The uncertainty helps explain why both Dell and Hutchinson were signed to one-way contracts as free agents in October.
“We did that before we knew what the schedule was exactly going to look like and we just wanted to make sure that we had as much depth as possible,” Dubas said at the outset of training camp. “Not knowing the way that things were going to be, we just felt that having as many capable NHL goaltenders was going to be important.”
Once bitten, twice shy.
The new guys
This is a different group.
You throw Thornton, Simmonds and Zach Bogosian into a dressing room and you’re going to be adding some flavour. A sharp spike in career games played, not to mention chirps- and chatter-per-60. A big goal of this Leafs off-season was about changing the personality of the group.
“I’ve noticed a tremendous difference in that regard,” said head coach Sheldon Keefe.

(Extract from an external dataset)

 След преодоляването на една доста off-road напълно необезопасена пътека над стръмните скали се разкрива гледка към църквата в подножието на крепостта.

Thornton is the biggest kid in blue and white, celebrating a goal by Marner during Saturday’s scrimmage as though the building was full of screaming fans and it actually meant something.
Celly scenes#LeafsForever pic.twitter.com/C612MkuUmy
— Toronto Maple Leafs (@MapleLeafs) January 10, 2021
It was no coincidence that Thornton got assigned a dressing room stall beside Tavares, a more serious lead-by-example type of captain. He can help shoulder the load. And as much as Jumbo is celebrated for his carefree approach to the game, he’s not afraid to speak his mind when he feels a teammate needs to be held to account — or the coach, as he gave Keefe the gears a couple times for skipping his line in Saturday’s scrimmage.

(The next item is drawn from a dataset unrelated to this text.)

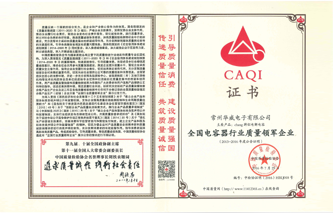 公司獲得“常州市市長質量獎”、“區(qū)長質量獎”、“全國電容器行業(yè)質量領軍企業(yè)”等榮譽稱號。
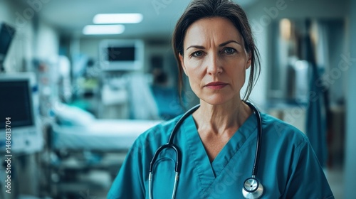 nurse, female, middle, aged, european, health care, hospital, portrait, medicals, professional, serious, standing, stethoscope, scrub, uniform, clinic, doctor, patient, room, wellness, caregiver, exam, health, system, support, staff, environment, clinical, assistance, hygiene, treatment, duty, attention, skill, life events, sharpened, team, compassionate, caring, profession, service, dedication, role, safety, trust, quality, expertise, communication, equipment

They won’t have to stitch a letter on his sweater for No. 97 to become part of the leadership group here.
“He can lean on me as much as he wants,” Thornton said of Tavares. “I can be vocal with him in the locker-room and just — you know, for me, just help. All I want to do is help guys play a long, long time. If any advice that I have to share with them [I’ll do it].”
Keefe pointed out that it’s easy to have good spirit among the group before any games have been lost. The new veterans have been tasked with helping make sure it stays that way.
The safety game
Lest anyone forget the most feared opponent this season, reminders are everywhere around the NHL.

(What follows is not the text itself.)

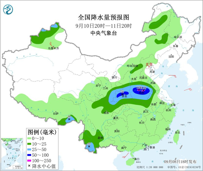 在9月10日20时至11日20时的预报图上,河南中北部呈现出代表高雨量的刺眼红紫色。数据显示,河南中北部等地的部分地区过程降雨量可达100至120毫米,已达到大暴雨量级。
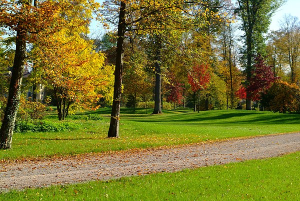 Weg im Queen-Auguste-Victoria-Park im sanften Grün

The Dallas Stars have closed their practice facility for several days and are going to see at least their first three-regular season games rescheduled after six players and two staff members produced positive COVID-19 test results. Out of caution, the Columbus Blue Jackets cancelled practice Friday while the Pittsburgh Penguins called off a planned Saturday skate.
Toronto’s coaching staff has had players on high alert since before Christmas, reasoning that any outbreak in the week or two leading up to camp would negatively affect preparations for the regular season.
Caution is the word.
“We’ve got masks on all the time around here, we get tested every day,” said Thornton. “During meetings we’re seven, eight feet apart from each other so we’re keeping it real tight.”
Keefe stressed that they want to be mindful of doing their part in the community after getting an exemption to play out of Scotiabank Arena this season. But it goes deeper than that. The lesson from the NFL and NBA — where, for example, the Philadelphia 76ers got beaten Saturday while only having seven healthy players available — is that there’s competitive concerns at play here, too.
“We have talked a great deal about that,” said Keefe. “We’re trying to be as mindful of it as we can be with where we have our meetings. We’ve created more meeting space so we can spread people out and reduce any high-risk contacts and stuff like that.”
They’re back, and diligence is required to be at their best.